The EU General Data Protection Regulation (GDPR) replaces the Data Protection Directive 95/46/EC and was designed to bring together the current fragmented approach to data privacy laws across Europe. Its main aim is to introduce a regime whereby firms adopt an approach to protect EU citizens’ data privacy.
After four years of preparation and debate the GDPR was finally approved by the EU Parliament on 14 April 2016. It was adopted in early May 2016 and the deadline for compliance was set for May 2018.
The official enforcement date is 25th May 2018. By this time all firms processing personal data on EU citizens will need to comply or face heavy fines. It is billed as the most important change in data privacy regulation in over two decades.
Some FAQs to explain the key points surrounding the new regulation.
When is the GDPR coming into effect?
GDPR was approved and adopted by the EU Parliament in April 2016. The regulation will take effect after a two-year transition period and, unlike a Directive, it does not require any enabling legislation to be passed by government; it will be enforced in May 2018.
With Brexit on the horizon, should a UK firm still continue with GDPR planning and preparation?
Yes. If you process data about EU citizens with regards to selling goods or services you fall within the scope of the new GDPR rules, so you need to comply. However, if your activities are within the UK only, then we are still unsure on the exact position. We expect an equivalent set of rules to be implemented within UK law. Bear in mind the UK fully supported GDPR through its inception to passing the final legal hurdles to become what it is today.
Who does the GDPR affect?
The scope within the EU is clear. All firms who process personal data are impacted. There is concern regarding extra territorial impact of the new rules. If you are a firm outside the EU and offer goods or services to EU citizens you are in scope. Therefore, ALL companies processing and holding such personal data, regardless of location should be implementing compliance.
What are the penalties?
Firms can be fined up to 4% of annual global turnover for breaching GDPR or up to the maximum fine of €20 Million. The maximum fine will be imposed for breaches where firms process customer data without their consent etc. The set of penalties will be imposed in a tiered approach such as penalising a firm for 2% of global revenue for not having their records in order, or not notifying the supervising authority and individual about a breach.

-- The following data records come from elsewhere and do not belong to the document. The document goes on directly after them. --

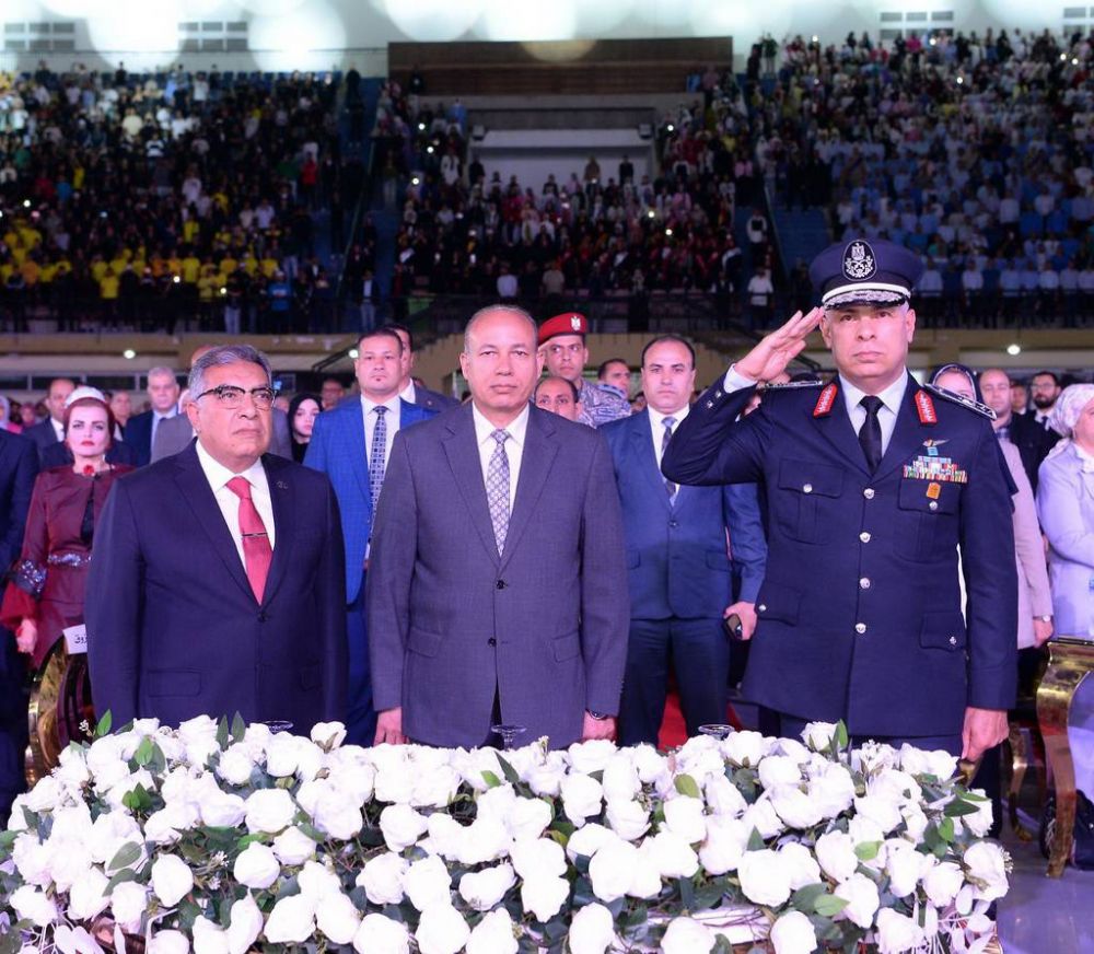 It is worth noting that the ceremony was organized under the supervision of Dr. Mohamed Attia El-Bayoumi, Vice President for Education and Student Affairs, with the participation of the organizing committee that included Dr. Mohamed Sabry Saraya, Coordinator of Student Activities at the University, Dr. Shaima Abdel Wahab, Dr. Mariam Wissa, Maestro Dr. Amr Morsi, Dr. Diaa El-Din Mohamed of the University Choir, Colonel Mohamed Abdel Bary, Director of the Military Education Department, and Mr. Ahmed El-Ashry, Director General of Student Welfare, with the participation of all the activities departments at the university and within the faculties.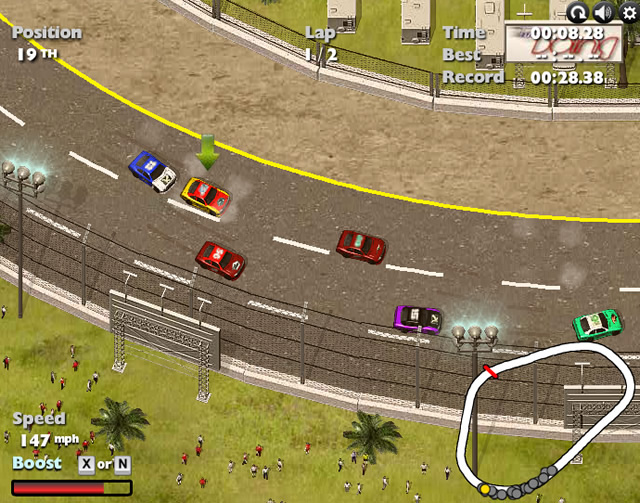 Vous êtes un grand champion mais personne ne le sait pour l'instant ? Rassurez-vous, nous allons vous donner les moyens de faire vos preuves en conduisant une voiture sur 8 circuits dans Thunder Cars. Soyez le meilleur pilote et finissez en tête de chaque course pour marquer un maximum de points et remporter suffisamment d'argent pour améliorer votre voiture. Vous allez voir qu'il est possible de la changer en allant au garage, mais on ne vous fera pas crédit. Utilisez les boosts pour vous propulser et doubler les autres. Bonne chance ! Utilisez les touches fléchées pour vous déplacer et X ou N pour booster.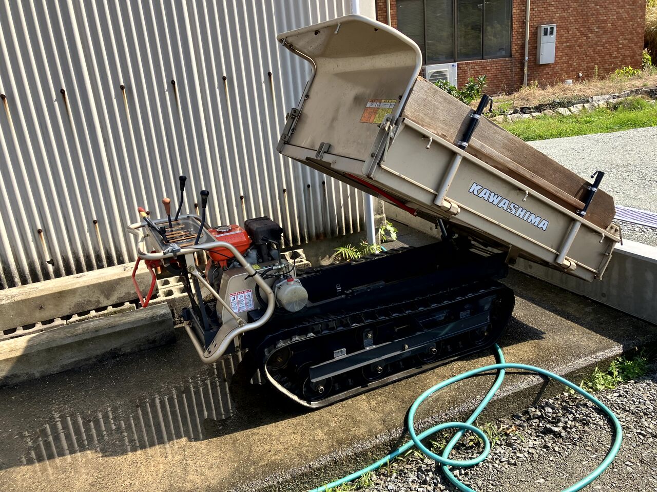 続いて運搬車を洗車しました。牛ふん堆肥を荷台に載せて撒いたので、荷台とクローラー周りを洗いました。

Will Cloud storage be exempt?
It is important to note that GDPR rules apply to both controllers and processors which clearly indicates that ‘clouds’ will not be exempt from GDPR enforcement.
What types of data is covered?
Information related to a natural person that can be used to directly or indirectly identify the person. Such as a name, a photo, email, bank details, social media posts, medical information, or even an IP address.
What is the difference between a data processor and a data controller?
A controller is a firm that determines the purposes, conditions and means of the processing of personal data.
A processor is an entity which processes personal data on behalf of the controller.
Do data processors need ‘explicit’ consent?
The conditions for consent have been strengthened. The request for consent must be clear from other matters and provided in an intelligible and easily accessible form, using clear and plain language. Firms also have to ensure it is easy for individuals to withdraw consent.
Explicit consent Vs unambiguous?
Explicit consent is required only for processing sensitive personal data whereby only an “opt in” will suffice.
Unambiguous consent will be sufficient for non-sensitive data, “unambiguous” consent will suffice.
What about individual(s) under the age of 16?
Parental consent will be required to process the personal data of children under the age of 16 for online services.
What is the difference between a regulation and a directive?
A regulation is a binding legislative act. It must be applied in its entirety across the EU as it is originally written. Member states do not have the option to interpret it based on their local supply of goods and services. A directive permits individual countries to decide how to implement.
Which firms need to appoint a Data Protection Officer (DPO)?
DPOs must be appointed in the case of: local authorities, firms that undertake large scale systematic monitoring, or those firms that engage in large scale processing of sensitive personal data. If your organisation does not fall into one of these categories, then you do not need to appoint a DPO.
Data breaches which may pose a risk to individuals must be notified to the DPA within 72 hours and to affected individuals without undue delay.